Abstract
Aim
We assessed the association between the presence and absence of androgen on the normal biodistribution of the positron emission tomography (PET) cellular proliferation imaging biomarker, [18F]-2′-Fluoro-5-methyl-1-beta-D-arabinofuranosyluracil (18F-FMAU), in mice.
Materials and Methods
Non-castrated (n=4) and castrated (n=4) athymic non-tumor-bearing male mice served as models for presence and absence, respectively, of androgen. MicroPET-CT scans were performed 1 h following tail vein administration of 200 uCi of 18F-FMAU. Imaging was performed at baseline and then at 7-day intervals longitudinally for 35 days only in castrated mice following subcutaneous introduction of a 12.5 mg, 21-day release, dihydrotestosterone pellet. Mean standardized uptake values (SUVmean) were obtained for liver, heart, and muscle. Several two-group comparisons of average of SUVmean were performed.
Results
Pre-pellet baseline average SUVmean (±s.d.) values in castrated mice were significantly lower than baseline non-castrated values, increased on day 15 and reached peak values on day 28, at which time they were significantly higher than corresponding baseline levels in both non-castrated and pre-pellet castrated mice. The peak values decreased significantly following dihydrotestosterone withdrawal.
Conclusion
There is a significant modulatory effect of androgen on normal 18F-FMAU uptake levels in mice liver, heart and muscle tissues.
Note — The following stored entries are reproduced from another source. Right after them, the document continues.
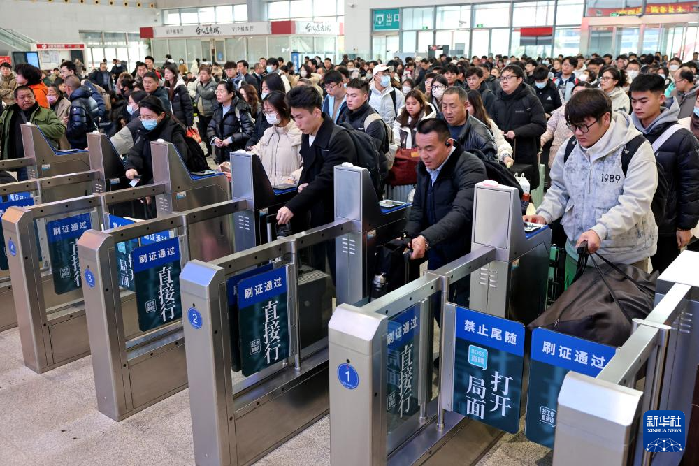 圖為2月22日,旅客在山東棗莊站通過閘機檢票進(jìn)站。
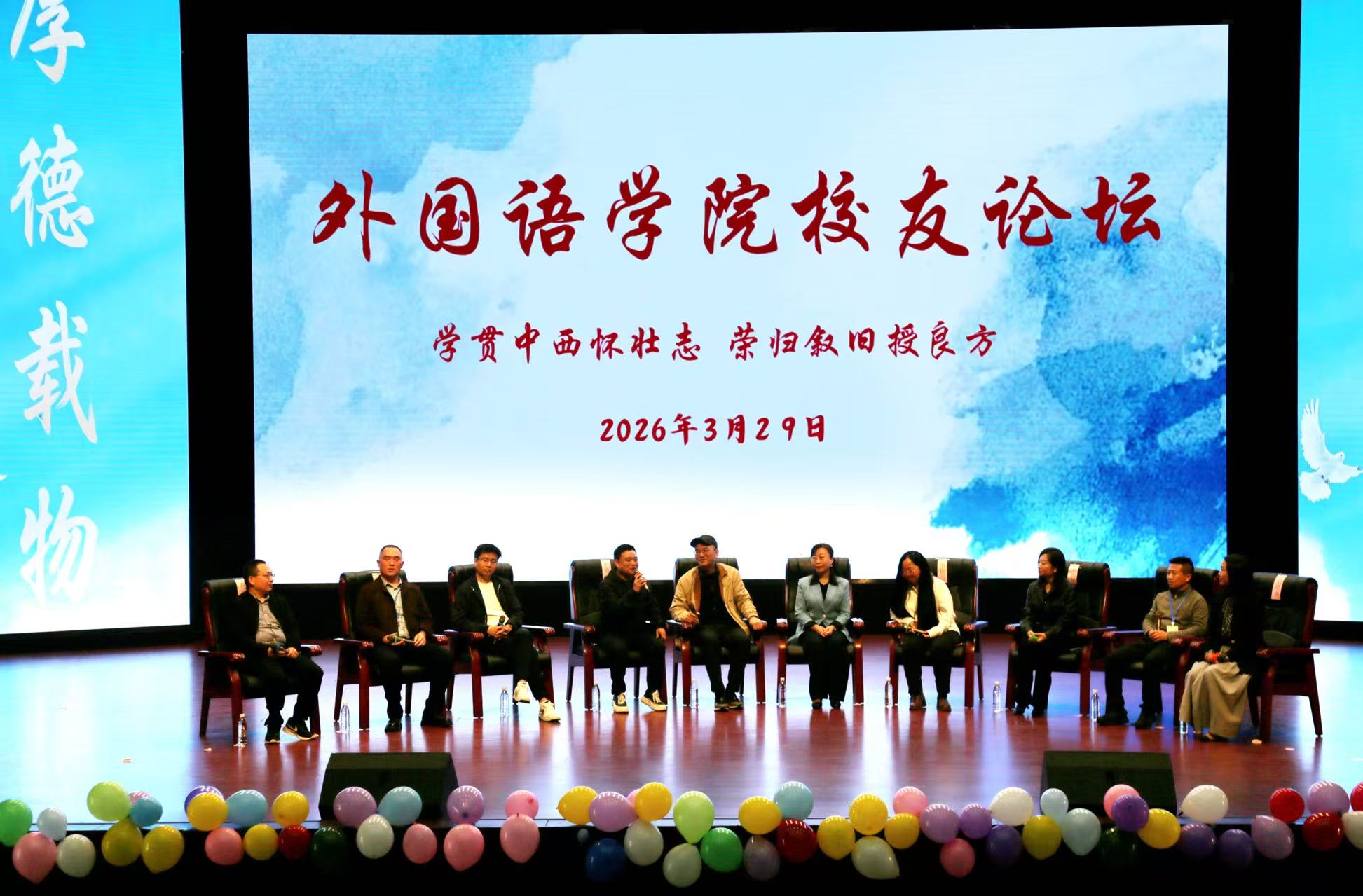 本网讯(通讯员/韦琪琪)3月29日,外国语学院在东校区音乐厅成功举办校友论坛。特邀校友代表、外国语学院班子、全体师生出席论坛。
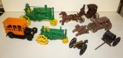 #971 - Box Lot of Reproduction Cast Iron Toys--Tractor, Horse Drawn & other misc.
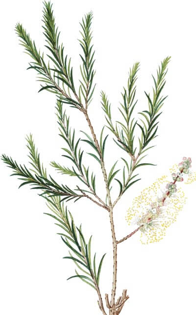 La Melaleuca (nome scientifico: Melaleuca alternifolia), conosciuta anche con il nome di Tea Tree, ossia Albero del Tè, è una pianta appartenente alla famiglia delle Mirtacee, originaria dell’Australia, che cresce presso ruscelli e paludi. Ha foglie lineari lunghe dai 10 ai 35 mm, i suoi fiori bianchi sono in grappoli lunghi dai 3 ai 5 cm e i frutti, legnosi e a forma di coppa, di diametro di 2-3 mm. Dalle foglie si estrae un olio essenziale dal forte odore, considerato un potente antisettico, antimicotico, antibatterico e antivirale, anche con proprietà deodoranti e conservanti.
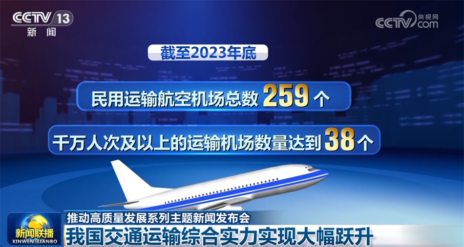 五年來,客貨運(yùn)輸不斷發(fā)展,群眾出行更加舒適便捷,貨物運(yùn)輸更加順暢高效。截至2023年底,我國(guó)鐵路營(yíng)業(yè)里程15.9萬公里,其中高鐵營(yíng)業(yè)里程4.5萬公里;全國(guó)公路里程543.68萬公里,其中高速公路里程18.36萬公里;民用運(yùn)輸航空機(jī)場(chǎng)總數(shù)259個(gè),千萬人次及以上的運(yùn)輸機(jī)場(chǎng)數(shù)量達(dá)到38個(gè)。

Keywords: Androgen, prostate, FMAU, PET
Positron emission tomography (PET) is destined to play an important role in the imaging evaluation of prostate cancer. This has been fueled by major strides in our fundamental understanding of the complex biology of this clinically heterogeneous disease and the design and synthesis of radiotracers that can track pathophysiological processes in vivo. The biological targets for imaging have included metabolites (e.g., glucose, fatty acids, amino acids), antigens (e.g., prostate-specific membrane antigen – PSMA), receptors (e.g., androgen receptor, gastrin-releasing peptide receptor), angiogenesis, hypoxia, and gene-based pathways (1, 2). In few cases, theranostic companions have also been developed for targeted radionuclide therapy (e.g. 68Ga-PSMA for imaging and 177Lu-PSMA for therapy). Clinical research is actively being pursued to decipher the exact role of these agents along the natural history of prostate cancer.
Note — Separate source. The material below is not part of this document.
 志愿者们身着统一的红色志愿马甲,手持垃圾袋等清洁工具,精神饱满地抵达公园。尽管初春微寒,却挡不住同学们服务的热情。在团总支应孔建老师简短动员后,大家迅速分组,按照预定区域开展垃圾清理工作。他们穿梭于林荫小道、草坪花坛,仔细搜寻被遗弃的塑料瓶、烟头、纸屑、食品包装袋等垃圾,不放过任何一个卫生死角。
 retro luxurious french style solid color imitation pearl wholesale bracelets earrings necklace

We have previously reported on our initial pre-clinical observations on the potential usefulness of the cellular proliferation imaging biomarker, [18F]-2′-fluoro-5-methyl-1-beta-D-arabinofuranosyluracil (18F-FMAU), in characterizing prostate cancer (3). 18F-FMAU is a thymidine analogue that is phosphorylated by thymidine kinase, is incorporated into the DNA and tracks changes in mitochondrial thymidine kinase 2 (4). In our experiments that involved castrated and non-castrated mice, we made an interesting observation that 18F-FMAU uptake levels in organs may be influenced by androgen presence or absence.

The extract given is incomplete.